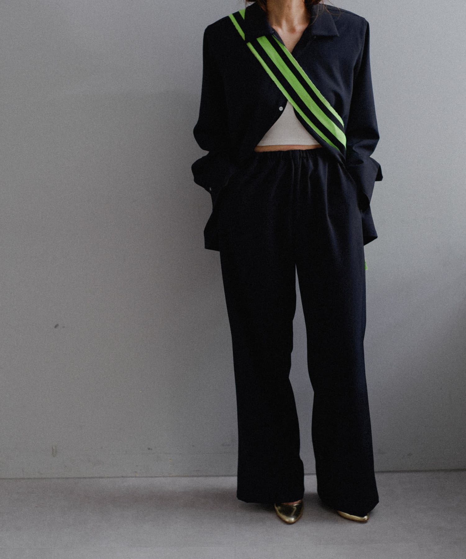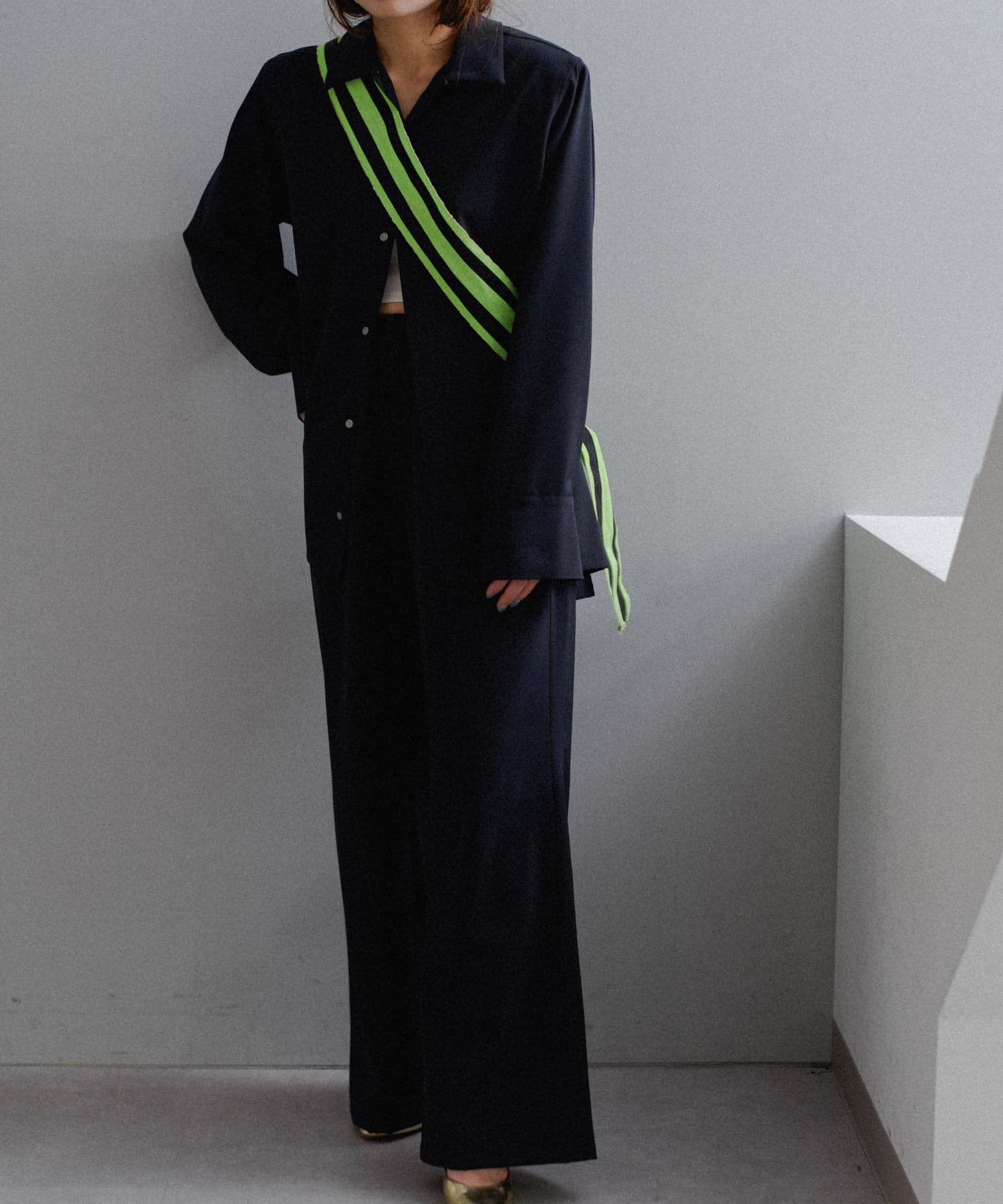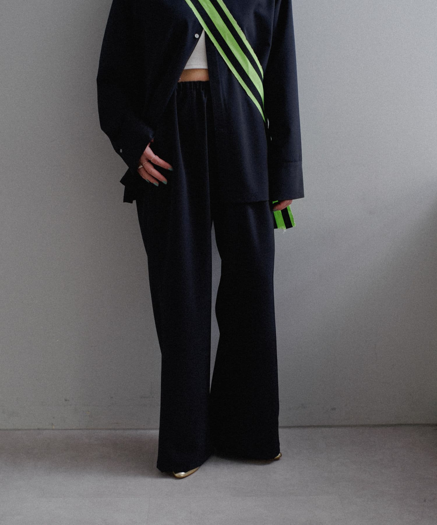 形は美しく、着心地は軽やか。ウォッシャブルでシワになりにくく、かつ美しさを兼ね備えた理想のSETUPシャツとパンツが完成しました。使用したのはストレッチ性が非常に高いジャージーライクな日本のツイル生地。高密度で微光沢のある綺麗な生地を贅沢に使用し、たっぷりとウエストにギャザーを寄せた、落ち感のあるイージーパンツ型に仕立てました。
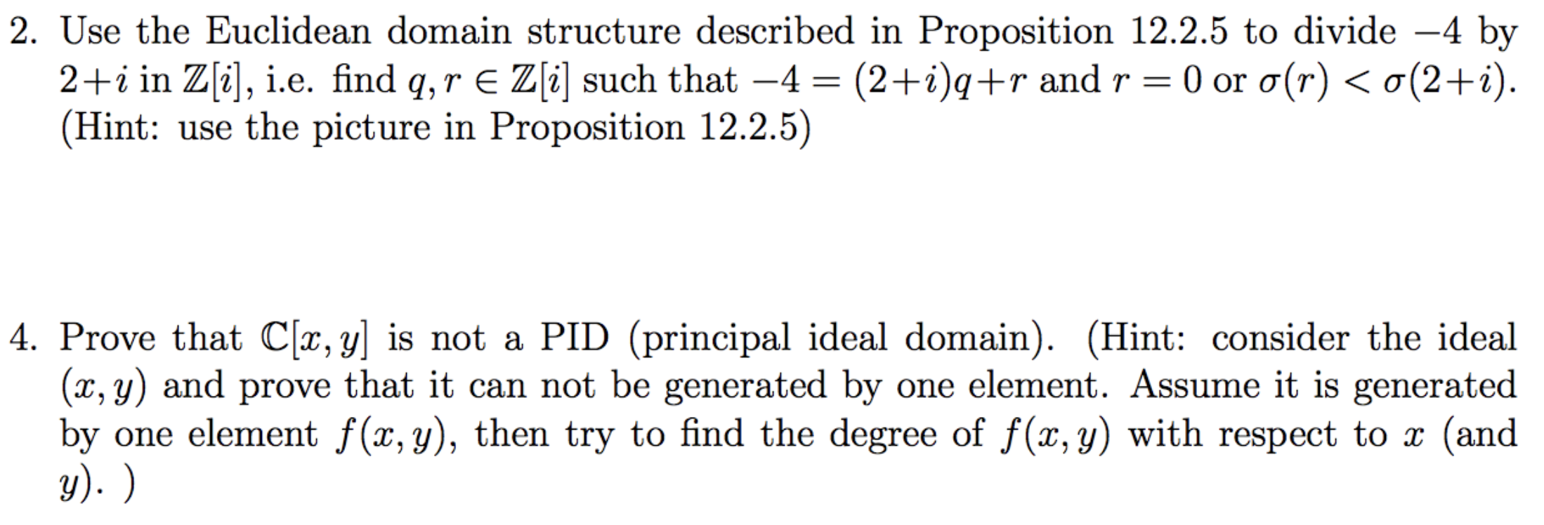 2. Use the Euclidean domain structure described in Proposition 12.2...
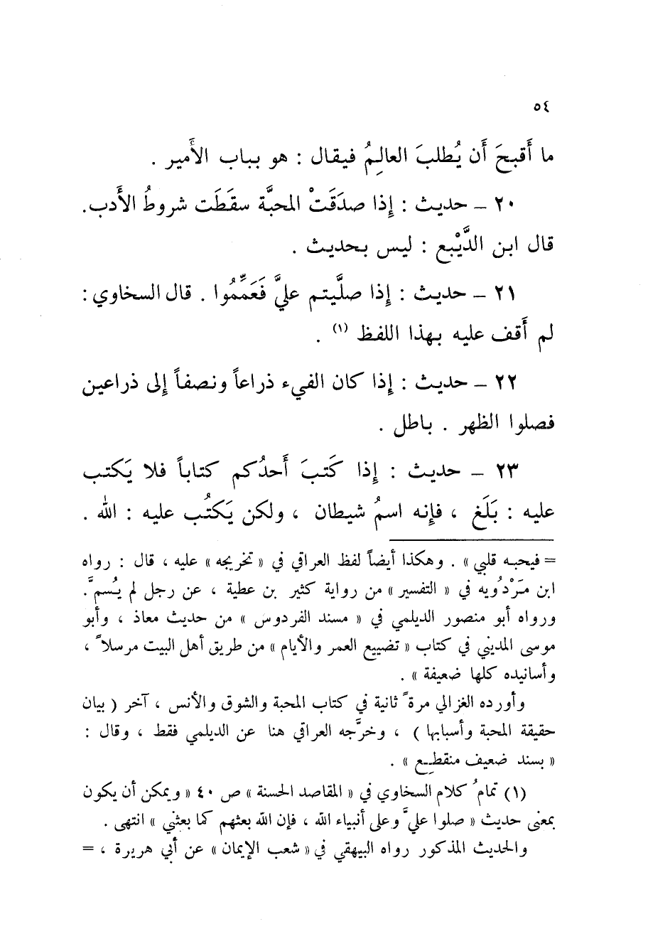 23 - حَدِيثُ إِذَا كَتَبَ أَحَدُكُمْ كِتَابًا فَلا يَكْتُبْ عَلَيْهِ بَلَغ فَإِنَّهُ اسْمُ شَيْطَانٍ وَلَكِنْ يَكْتُبُ عَلَيْهِ الله مَوْضُوع كَذَا فِي اللآلىء
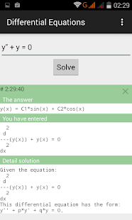 Ecuaciones diferenciales calculadora online. Con una solución detallada paso a paso. Get the free Calculadora de ecuaciones diferenciales widget for your website blog Wordpress Blogger or iGoogle. Al final de la página verás la solución de la ecuación.
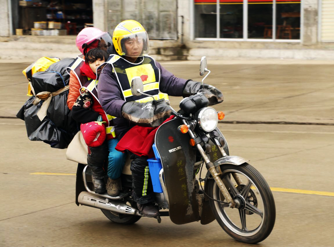 他的老婆孩子搭大巴車回家。選擇鐵騎返鄉(xiāng),主要是希望在老家走親訪友有輛摩托車更方便。謝先生說(shuō),在福建生活過(guò)得挺滿意,過(guò)完年還回泉州工作。
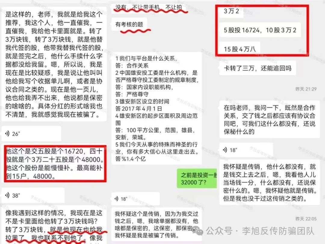 该组织打着“雄安集团投资公司”的名义,谎称国家项目,单份3200元占位,满单48000元,宣称出局可赚1.5亿元。网友被骗该地后,因听信对方洗脑线
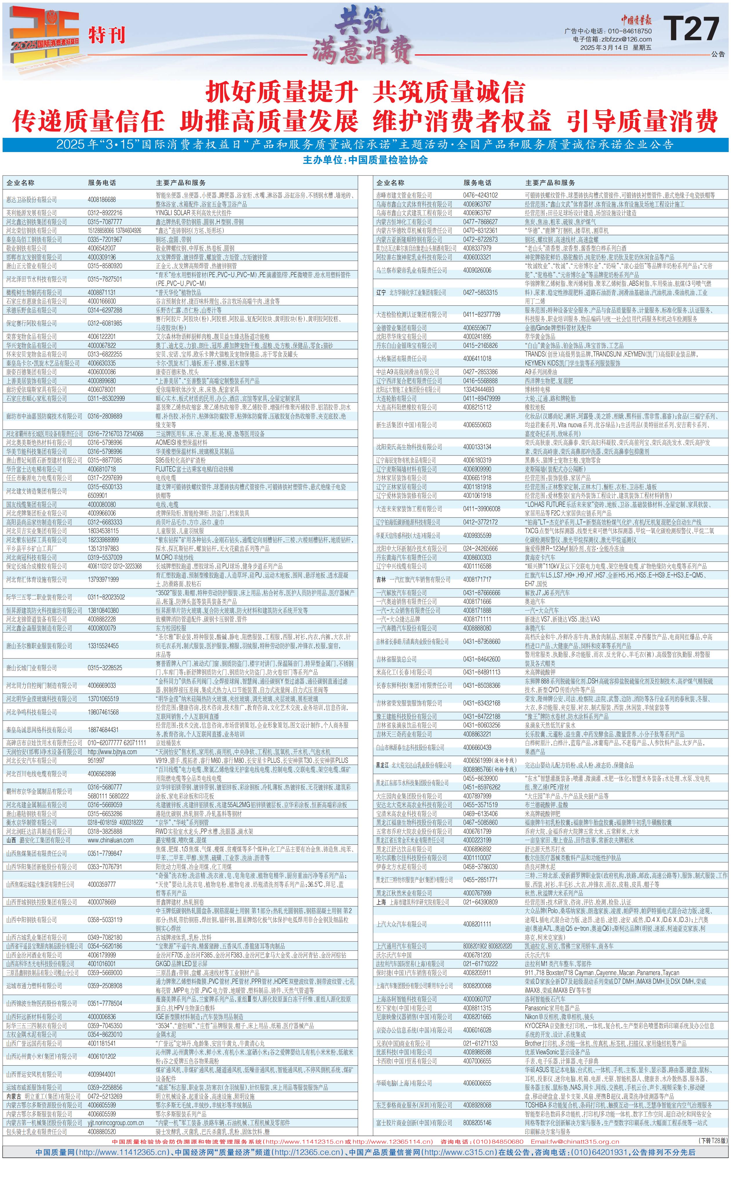 2025年“3·15”國際消費(fèi)者權(quán)益日“產(chǎn)品和服務(wù)質(zhì)量誠信承諾”主題活動·全國產(chǎn)品和服務(wù)質(zhì)量誠信承諾企業(yè)公告(三)
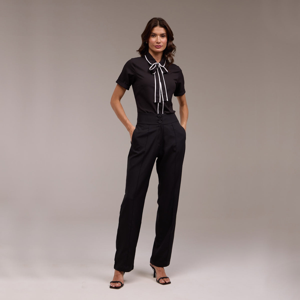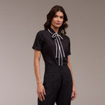 Para ressaltar ainda mais o design, a blusa possui detalhes em viés branco na borda da gola, do laço e do abotoamento. Essa adição contrastante proporciona sofisticação e destaque adicionais. Além disso, o fechamento frontal com botões simplifica o processo de vestimenta.
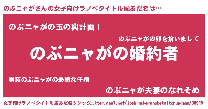 | 胡散臭い通販商品みたいなあだ名 | 『運命の人と巡り会える高級そうな壺…その名も「のぶニャが」』 |
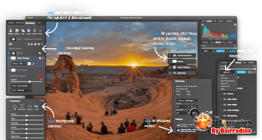 O Photo RAW está recebendo uma GRANDE atualização este mês! A versão 2026 traz novas ferramentas de mascaramento inovadoras, novos filtros criativos, nova IA para ampliações em super-resolução e muito mais.

> _WORK TASK_: From the first line of the material down to the line containing "2. Use the Euclidean", inclusive, return each line exactly, skipping any picture.

> _ANSWER BOX_:
 形は美しく、着心地は軽やか。ウォッシャブルでシワになりにくく、かつ美しさを兼ね備えた理想のSETUPシャツとパンツが完成しました。使用したのはストレッチ性が非常に高いジャージーライクな日本のツイル生地。高密度で微光沢のある綺麗な生地を贅沢に使用し、たっぷりとウエストにギャザーを寄せた、落ち感のあるイージーパンツ型に仕立てました。
 2. Use the Euclidean domain structure described in Proposition 12.2...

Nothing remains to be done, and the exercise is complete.